Having a game where the start is everybody on earth dies, and they actually play through with that, that's cool. It's not like fallout where there's pockets of people barely eeking out a living, everybody is dead, and it's just demons and ghosts and shit.

So I've played roughly 8 or so hours in the past week, going slow in-between doing boring adult obligatory stuff, but it's fun so far. I just beat matador, who is like the first fuck you road block part of the game, knowing this, I prepared a lot beforehand and managed to get him first try. The kicker is, matador has a reputation for being hard, but the game after matador?

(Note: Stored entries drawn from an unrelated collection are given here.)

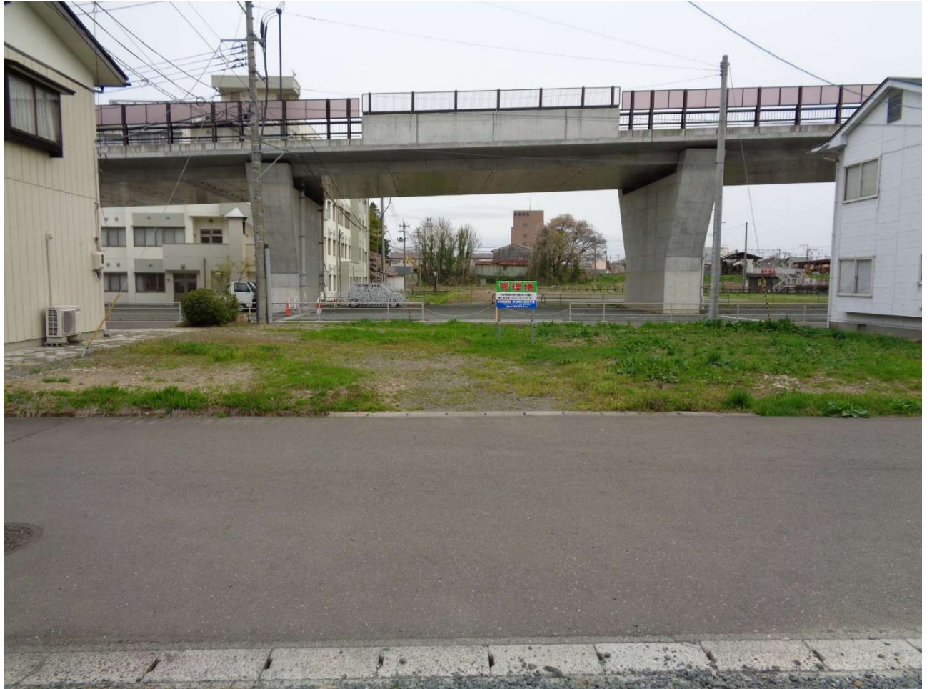
(敷地の北側市道から撮影)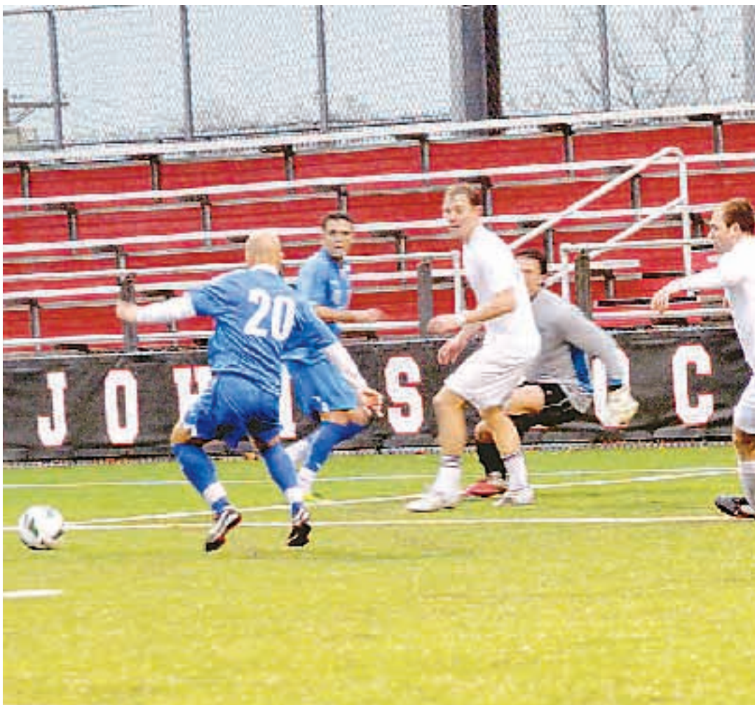
ΕΘΝΙΚΟΣ ΚΗΡΥΞ/ΝΤΙΝΟΣ ΑΥΛΩΝΙΤΗΣ

Το στραπάτσο από την Βέροια δεν θα μείνει ατιμώρητο - Στρώνουν χαλί στον Πρίγκιπα οι μέτοχοι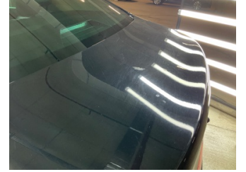
Kaporta, Kaporta > Yakıcı Madde Ile Zarar Görmüş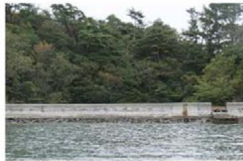
県の計画で修復予定となっている無人島の防潮堤=1日、宮城県塩釜市の大森島

4島では以前、稲作が行われ、水田を保護する農地海岸整備事業として防潮堤が建設された。しかし、現在は誰も農業をしておらず、水田だった場所は硬い泥地となっている。

IT DONT GET EASIER! Any fucking random battle can kill you, the tables can turn and the planets can align in such a way where you just die from a normal low leveled encounter. Not to mention they don't hold your hand, beat matador with a sliver of life left...uhhh you're still where you encountered him, in a place with moderate/hard random battles, far enough away from the save point to kill you before you're off to safety. It's a cool while at the same time kinda frustrating tension you don't get in the standard final fantasy fare I'm used to. Ohh and healing that usually comes to you free in a lot of games now? yeah that costs money, demon dies? even more money, you die? GAME OVERRERERRRRrrrr....and the healing place is usually a random battle or two by the save place...so...bad luck can happen if you choose to take one over the other...enemy ambush + crit...yeah...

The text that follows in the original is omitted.